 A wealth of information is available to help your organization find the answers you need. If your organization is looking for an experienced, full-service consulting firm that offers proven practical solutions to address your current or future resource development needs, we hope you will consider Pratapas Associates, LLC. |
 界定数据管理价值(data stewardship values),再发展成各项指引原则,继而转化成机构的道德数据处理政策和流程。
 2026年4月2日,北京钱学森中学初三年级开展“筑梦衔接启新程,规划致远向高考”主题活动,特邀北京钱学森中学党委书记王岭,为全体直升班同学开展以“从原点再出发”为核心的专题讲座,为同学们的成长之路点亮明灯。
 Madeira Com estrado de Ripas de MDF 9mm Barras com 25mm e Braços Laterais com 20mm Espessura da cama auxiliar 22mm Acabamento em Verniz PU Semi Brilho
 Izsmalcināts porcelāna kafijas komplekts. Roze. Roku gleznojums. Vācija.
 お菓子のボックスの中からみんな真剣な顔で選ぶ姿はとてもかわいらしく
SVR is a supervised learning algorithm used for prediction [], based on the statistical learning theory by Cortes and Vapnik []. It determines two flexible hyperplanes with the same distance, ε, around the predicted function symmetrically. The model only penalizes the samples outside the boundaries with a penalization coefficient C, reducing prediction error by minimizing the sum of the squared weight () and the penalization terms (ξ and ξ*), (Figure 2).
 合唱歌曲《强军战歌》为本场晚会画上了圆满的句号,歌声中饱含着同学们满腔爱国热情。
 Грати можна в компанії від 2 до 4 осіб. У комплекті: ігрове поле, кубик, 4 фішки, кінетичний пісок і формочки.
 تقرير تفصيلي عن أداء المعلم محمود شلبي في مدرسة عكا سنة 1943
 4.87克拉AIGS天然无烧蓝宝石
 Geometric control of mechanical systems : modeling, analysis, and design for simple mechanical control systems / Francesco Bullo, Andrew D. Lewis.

Try it :: Reproduce exactly the lines of the records above from the one with "Madeira Com estrado" to the one with "お菓子のボックスの中からみんな真剣な顔で選ぶ姿はとてもかわいらしく", both included, and leave out everything else.

Answer area ::
 Madeira Com estrado de Ripas de MDF 9mm Barras com 25mm e Braços Laterais com 20mm Espessura da cama auxiliar 22mm Acabamento em Verniz PU Semi Brilho
 Izsmalcināts porcelāna kafijas komplekts. Roze. Roku gleznojums. Vācija.
 お菓子のボックスの中からみんな真剣な顔で選ぶ姿はとてもかわいらしく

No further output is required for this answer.